#### Raw data:
=-=-=-=-=

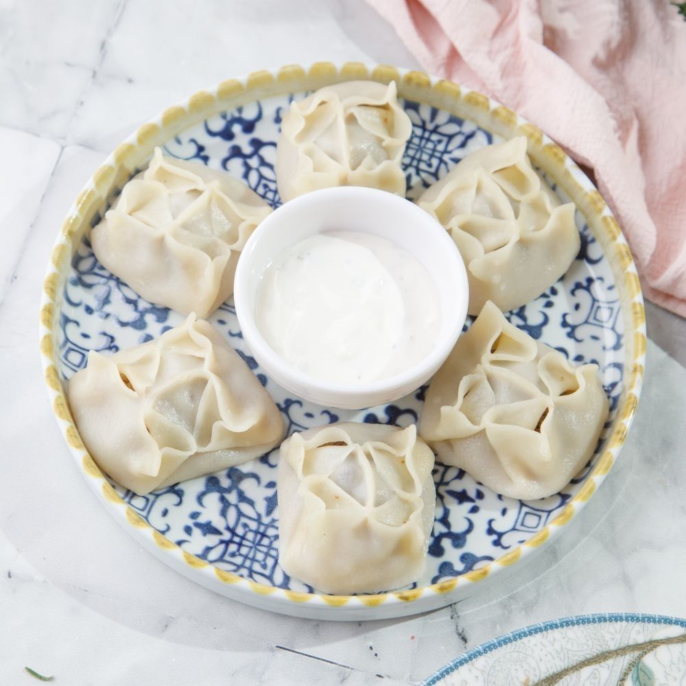 Бір порцыяда 6 дана; қамыр, тартылған сыир еті , пияз, ақ соусы/Порция 6 шт: тесто, фарш говяжий, лук репчатый, белый соус
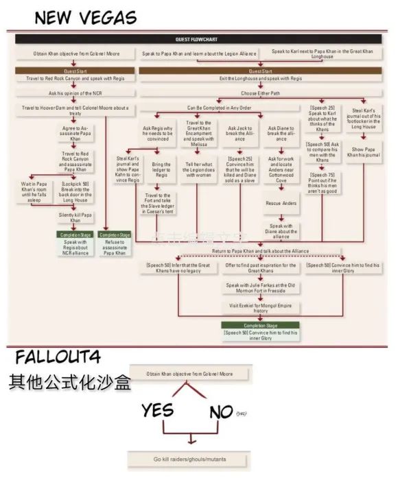 在游戏作品中,谈到网状叙事就离不开黑曜石的《辐射:新维加斯》,玩家空降到一个巨大阴谋的齿轮上,涉及到整个世界的历史和各个势力集团。搞清这一切,主线任务有明确的目的,但没有明确的过程,玩家每次可以通过突破一些角色的口风,来了解到阴谋的冰山一角,当然也可以在浑然不知的情况下得到一个傻人有傻福的结局。执意探究真相的玩家,通过多周目的游玩,可以逐渐了解到每个环节的因果,也对应上游戏丰富的角色自定义玩法。
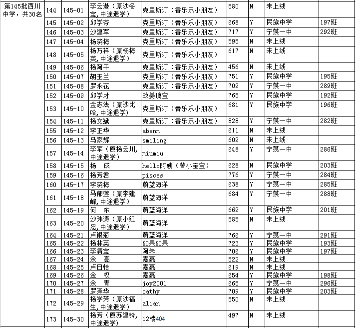 共有以下几批:第142批、143批、144批、145批、146批、147批、148批、149批、150批、151批、152批、153批、157批、158批、159批、160批共16批,初中毕业生一共646名。
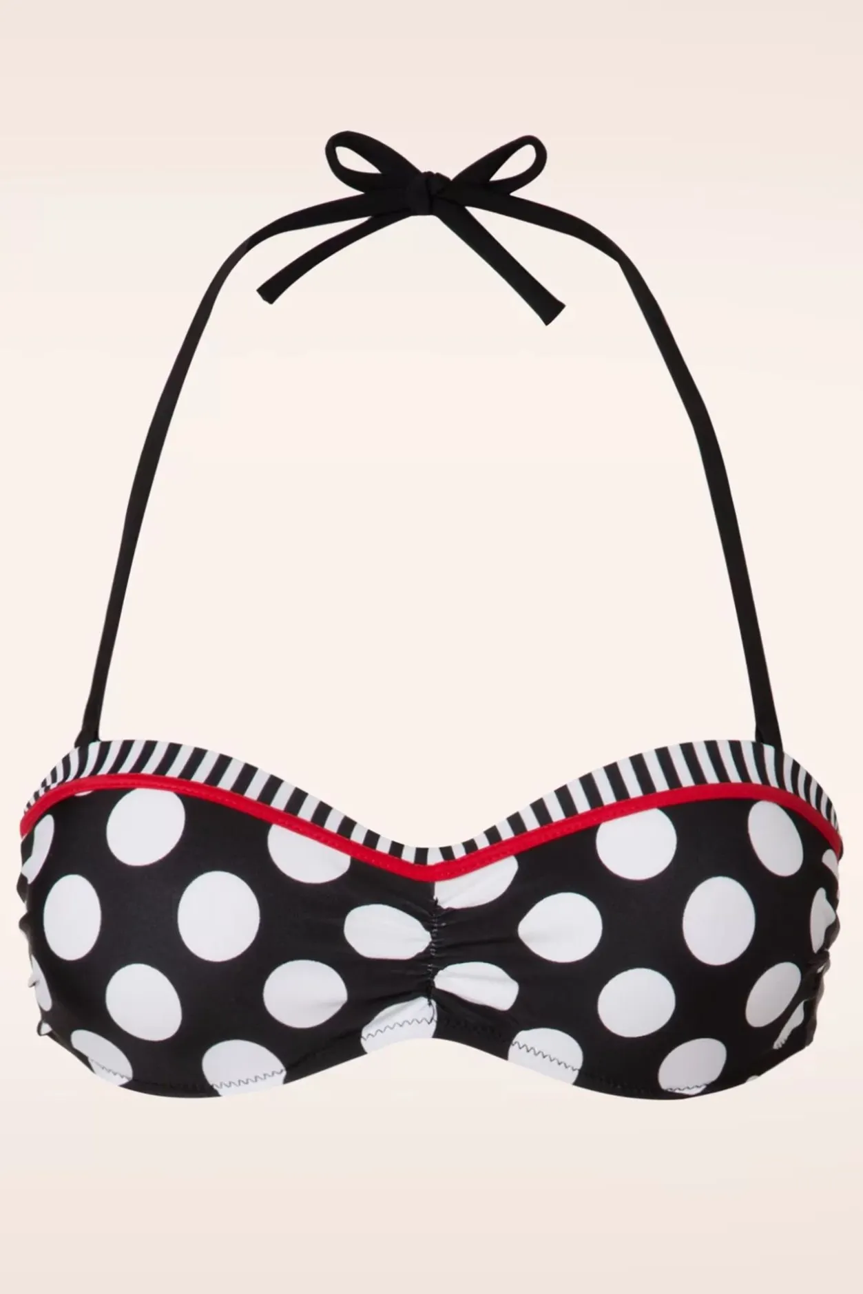Met Deze 50S Debra Polkadot Stripes Halter Bikini Top In Black And White Ben Jij Summerproof! Debra Heeft Een Halterstijl Bandje, Voorgevormde Push-Up Cups Waardoor Je Borsten Net Dat Beetje Extra Steun Krijgen En Een Speels Plooidetail Bij De Buste. Het Halterbandje Is Natuurlijk Heel Erg Handig Als Jij Een Frisse Duik Gaat Nemen Maar Wanneer Jij In Het Zonnetje Gaat Liggen Met Een Cocktail In Je Handen Kan Jij Het Bandje Er Gewoon Van Af Halen… We Only Love White Stripes On Our Bikini 😉 Uitgevoerd In Een Comfortabel, Stretchy Stofje Met Witte Polkadots En Streepjes Dat Heerlijk Draagt En Perfect Aansluit. Deze Showstopper Mag Absoluut Niet In Je Vintage Swimwear Collectie Ontbreken!

=-=-=-=-=

Please print the entire listing again exactly, minus its images.

 Бір порцыяда 6 дана; қамыр, тартылған сыир еті , пияз, ақ соусы/Порция 6 шт: тесто, фарш говяжий, лук репчатый, белый соус
 在游戏作品中,谈到网状叙事就离不开黑曜石的《辐射:新维加斯》,玩家空降到一个巨大阴谋的齿轮上,涉及到整个世界的历史和各个势力集团。搞清这一切,主线任务有明确的目的,但没有明确的过程,玩家每次可以通过突破一些角色的口风,来了解到阴谋的冰山一角,当然也可以在浑然不知的情况下得到一个傻人有傻福的结局。执意探究真相的玩家,通过多周目的游玩,可以逐渐了解到每个环节的因果,也对应上游戏丰富的角色自定义玩法。
 共有以下几批:第142批、143批、144批、145批、146批、147批、148批、149批、150批、151批、152批、153批、157批、158批、159批、160批共16批,初中毕业生一共646名。
Met Deze 50S Debra Polkadot Stripes Halter Bikini Top In Black And White Ben Jij Summerproof! Debra Heeft Een Halterstijl Bandje, Voorgevormde Push-Up Cups Waardoor Je Borsten Net Dat Beetje Extra Steun Krijgen En Een Speels Plooidetail Bij De Buste. Het Halterbandje Is Natuurlijk Heel Erg Handig Als Jij Een Frisse Duik Gaat Nemen Maar Wanneer Jij In Het Zonnetje Gaat Liggen Met Een Cocktail In Je Handen Kan Jij Het Bandje Er Gewoon Van Af Halen… We Only Love White Stripes On Our Bikini 😉 Uitgevoerd In Een Comfortabel, Stretchy Stofje Met Witte Polkadots En Streepjes Dat Heerlijk Draagt En Perfect Aansluit. Deze Showstopper Mag Absoluut Niet In Je Vintage Swimwear Collectie Ontbreken!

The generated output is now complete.